It was one of the many talents cultivated by Schrameck when he was still working in fairgrounds. One of his convictions had been for purse-stealing.
“Ignoring her protests, I set about searching the place. It wasn’t until right at the end that it occurred to me to unscrew the brass bed-knobs. They’re hollow inside, and two of them were stuffed full of tightly rolled notes. They add up to a fortune! Françoise couldn’t believe her eyes.
“‘To think that he let me go out charing, when he had all that money hidden away! He’ll never get to heaven! Just let him come back here, and he’ll see what…’
“She’s still in the most fearful rage, calling him every name under the sun. She didn’t even calm down when I suggested that he had put the money aside to provide for her, in case anything happened to him.
“‘What amazes me,’ she snarled, ‘is how he managed to avoid gambling it all away.’

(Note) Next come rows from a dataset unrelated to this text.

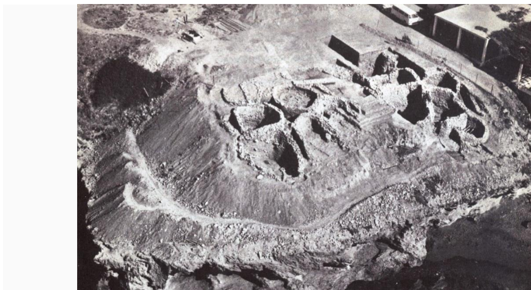
Οικισμός της Νεολιθικής εποχής στην τοποθεσία «Βρυσί» στον Άγιο Επίκτητο Κερύνειας

Για να γίνουμε πιο συγκεκριμένοι, τέτοια κατάλοιπα οικισμών της νεολιθικής εποχής, ανασκάφηκαν στο Βρυσί 2 , ένα οικισμό δίπλα ακριβώς από τη θάλασσα, σε λοφίσκο λίγο μετά τον Άγιο Επίκτητο, κάπου 10 χιλιόμετρα ανατολικά της Κερύνειας. Ένας δεύτερος και πάλι παράλιος οικισμός της ίδιας εποχής, βρέθηκε ακόμα πιο ανατολικά, στο λεγόμενο δεύτερο «Τρουλλί» 3 , ένα λόφο ακριβώς πάνω στην ακτή, κάπου 16 χιλιόμετρα, ανατολικά της Κερύνειας, ενώ ο πιο κοντινός νεολιθικός οικισμός στην πόλη της Κερύνειας, βρέθηκε στο Φουντζί 4 , μια εύφορη μικρή κοιλάδα πλούσια σε νερά, κοντά στο χωριό Κάρμι, μόλις 5 χιλιόμετρα νοτιοδυτικά της Κερύνειας.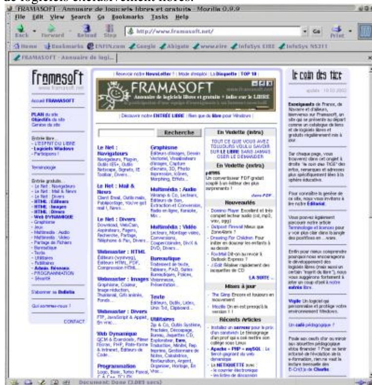
Copie écran de la page de garde du site Framasoft

«Moteurzone». — Votre annuaire référence de nombreux logiciels "libres". Mais, qu'est ce qui vous différencie par rapport à un site comme Telecharger.com ?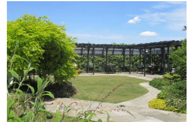
乱形石通路と芝庭 奥がパーゴラ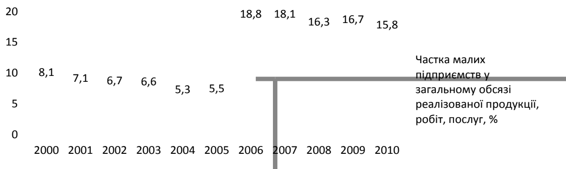
Рис. 1 Частка малих підприємств в загальному обсязі реалізованої продукції, робіт, послуг у 2000-2010 роках, % [5].

Із 2005 року, наприклад, розвиток малого підприємництва характеризувався, як позитивними, так і негативними тенденціями. Протягом 2005-2009 рр. значно зросла кількість малих підприємств у розрахунку на 10 тис. осіб наявного населення – із 63 до 75 осіб, збільшилась частка малих підприємств у загальному обсязі реалізованої продукції, робіт і послуг із 5,5% до 16,6%, тобто у три рази. Однак, починаючи із 2010 року, частка малих підприємств у загальному обсязі реалізованої продукції, робіт, послуг стрімко зменшилась більш ніж на 1 в.п. порівняно із 2009 роком (рис. 1).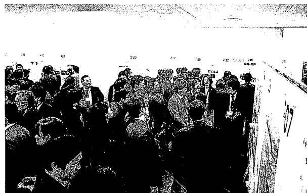
ポスター会場での討論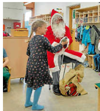
Besuch vom Nikolaus

Am Montag war bei uns im Kindergarten ein besonderer Gast, der Nikolaus! Schon bevor er zur Tür hereinkam, entdeckten die Kinder den roten Mantel. Aufgeregt liefen alle an die Tür und warteten ganz gespannt darauf, ihn zu begrüßen.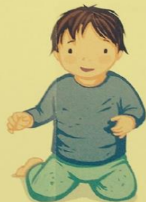
SE METTRE À GENOUX

“Do you see what I’m getting at now, chief? They must have had a big share-out last Saturday. I’ve got more than two hundred thousand francs here. Jef wouldn’t have dared to gamble all that lot away, especially at Fernand’s place. He only lost a fraction of the money. If they split it down the middle, Monsieur Louis must have had a packet salted away as well.”
“I’m very grateful to you.”
“What shall I do with the money?”
“Have you got it with you?”
“I should say I have! I couldn’t very well leave it there…”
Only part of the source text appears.